The festive period can easily take a toll on both your waistline and your bank balance, expanding the former and shrinking the latter.  The good news is that both of these issues can be addressed and the sooner you get started dealing with the issues, the sooner you’ll see results.

With that in mind, here are 6 money tips for the new year:-

  1. If you need to file a self assessed tax return, make sure you have your return filed and your bill paid by midnight on the 31st of January.  That will save you substantial penalties for late filing and/or late payment.
  2. If you are carrying credit card debt, which you are unable to pay off in full right now, then make dealing with this debt a priority, even if it means cutting back on non-essentials.  Banks are now suggesting “personalised payment amounts” to people who are considered to be in “persistent debt”, essentially people who have been paying more in fees and interest payments than they have in capital repayments for a period of 18 months or more.  Basically, these suggested amounts are more than the minimum payment and are intended to help people to get people out of persistent debt and on track to clearing off their balances as quickly as possible.  While these extra payments are optional (only the minimum payment is mandatory) it is often a very good idea to pay the additional sum if you can (or even to pay more) as credit card debt is extremely high interest, for which read expensive, and hence getting to grips with it quickly can really help to save you money over the longer term.
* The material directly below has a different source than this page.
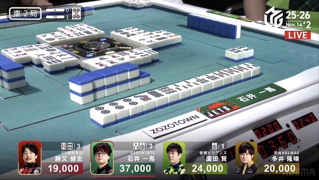 その後は園田に的確に差し込むなど盤石の局回しを見せ、そのままトップを獲得した。

  3. Make sure you have appropriate insurance.  While checking that you have sufficient but not excessive cover for anything which matters to you may not seem like the most glamorous of starts to the New Year, it’s likely to be a whole lot less hassle than having to deal with one of life’s setbacks without the benefit of an insurance policy to help you out.
  4. Contribute as much as you can to your retirement fund.  There are more ways to save for retirement than through a pension and if you’re self-employed or a home-maker, it may well be worth looking into them, in fact, even if you’re in employment, it may also be worth looking into them.  Those in employment, however, should definitely find out if they are entitled to join a workplace pension scheme and, if so, give serious consideration to joining it and making maximum contributions as it is a very tax-efficient means of saving for retirement and can benefit from employer contributions.
  5. Have a good declutter and organisation session (or sessions) and see if you can turn any of your unwanted stuff into cash.  It may sound like a cliche (in fact it probably is) but New Year really is the perfect time to declutter and sometimes you really can turn stuff you won’t miss into money you can put to good use.  Even if you can’t, you can still reclaim some space in your home and, importantly, take stock of what you do have, literally, so you don’t find yourself inadvertently spending money on something you’ve forgotten you have (or something you know you have but can’t actually find).
  6. Set yourself life goals for 2019 and beyond.  Once you are clear about what you want to do in the short-, medium- and long-term future, and, crucially, how much it is likely to cost, you will be in a much better position to take informed decisions about the level of savings you need to make in the present to finance your future life.